Rothe Development Corp. v. Department of Defense (Fed. Cir. 2008)
Although not a patent case, Rothe raises an important Federal Constitutional issue. In Rothe, the Federal Circuit has held that the statutory quota for governmental contracts with “small disadvantaged business” is facially unconstitutional as a race-based violation of the right to equal protection (through the Due Process Clause of the Fifth Amendment).
10 U.S.C. § 2323 (“Section 1207”) sets a goal that “five percent of federal defense contracting dollars” be awarded to small businesses owned and controlled by “socially and economically disadvantaged individuals.” Under the Small Business Act, Black Americans, Asian Americans, Hispanic Americans, and Native Americans are presumptively socially disadvantaged individuals.

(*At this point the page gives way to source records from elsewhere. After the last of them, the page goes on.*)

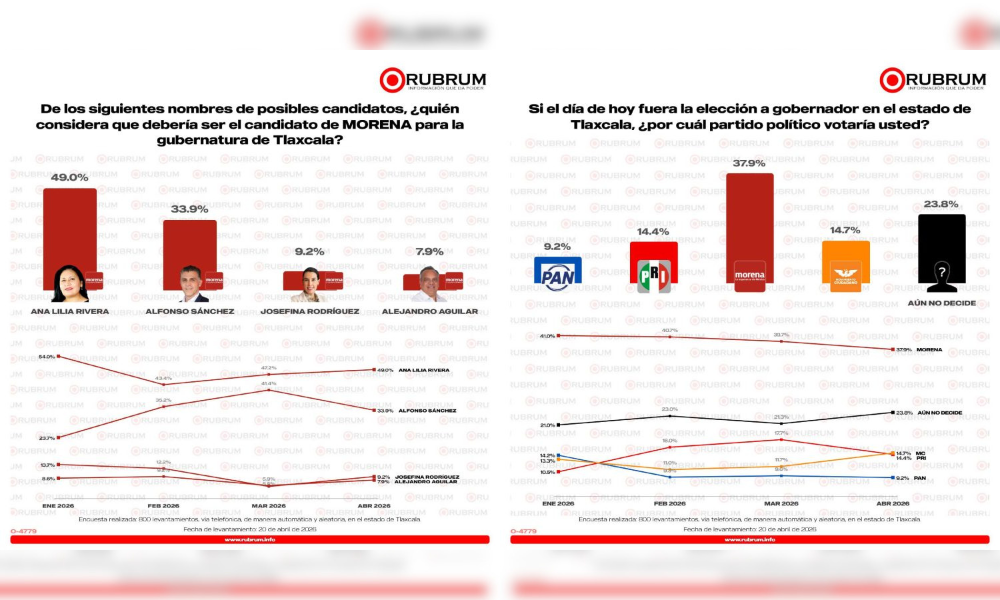 De realizarse hoy la elección para la gubernatura de Tlaxcala, la senadora Ana Lilia Rivera Rivera y el partido Morena obtendrían la victoria con una amplia ventaja, de acuerdo con una encuesta de Rubrum levantada el 20 de abril.
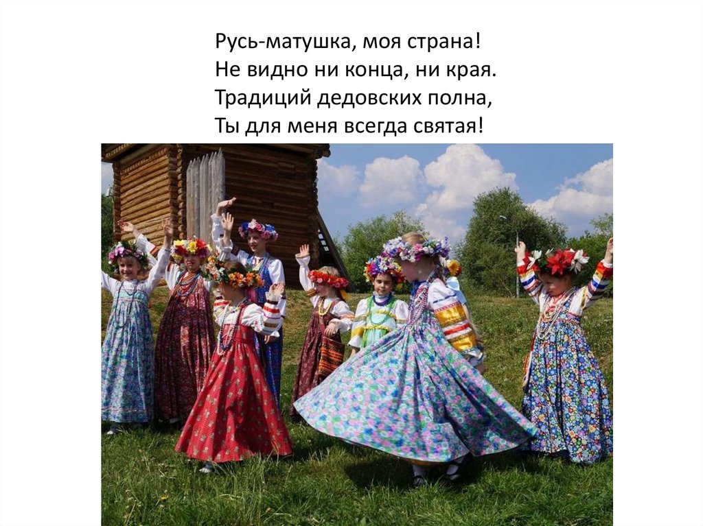 Русь-матушка, моя страна!Не видно ни конца, ни края.
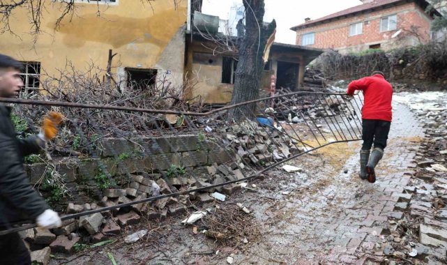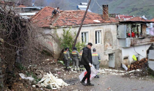 Fırtınanın ardından köylüler zarar gören evlerinin çatılarını kendi imkanlarıyla tamir etmeye çalışıyor.
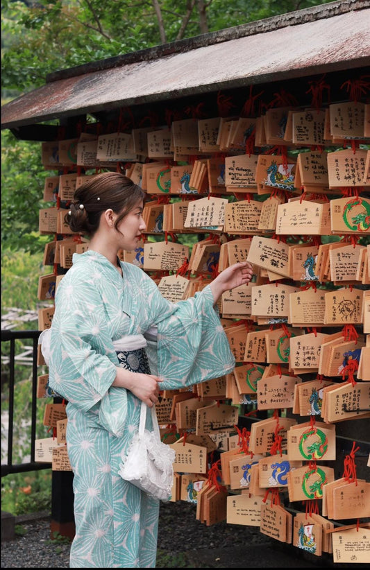 Japanese Floral Yukata Set with Easy Wearing Obi, JL019

Statutes that that include explicit racial classifications are reviewed with “strict scrutiny.” Such provisions are only valid if they “serve a compelling governmental interest, and [are] narrowly tailored to further that interest.” In the race setting, general efforts “to alleviate the effects of societal discrimination” are not considered compelling interests under the Supreme Court’s 1996 Shaw decision. Congress reauthorized Section 1207 in 2006. Thus, to be constitutional, the evidence of a compelling governmental interest at that time.
On appeal, the Federal Circuit found that older Congressional evidence (from the original enactment of the provision) was “stale” by 2006 and thus not reliable. Additionally, the record did not reflect that newer evidence was officially considered by Congress.
Although we are mindful that Congress has broad discretion to regulate its internal proceedings, we are hesitant to conclude that the mere mention of a statistical study in a speech on the floor of the House of Representatives or the Senate is sufficient to put the study “before Congress” for purposes of Congress’ obligation to amass a “strong basis in evidence” for race-conscious action.
Finally, the Federal Circuit found that the newer studies – even if considered by Congress – were inadequate because of the many methodology defects.
Upon these findings, the Federal Circuit held that congress did not have a compelling governmental interest in enacting Section 1207 and that the statute therefore is invalid as unconstitutional.
- Opinion written by Chief Judge Michel and joined by Circuit Judge Mayer and District Court Judge Stearns from Massachusetts sitting by designation. These judges were appointed by Presidents Reagan, Reagan, and Clinton, resptively.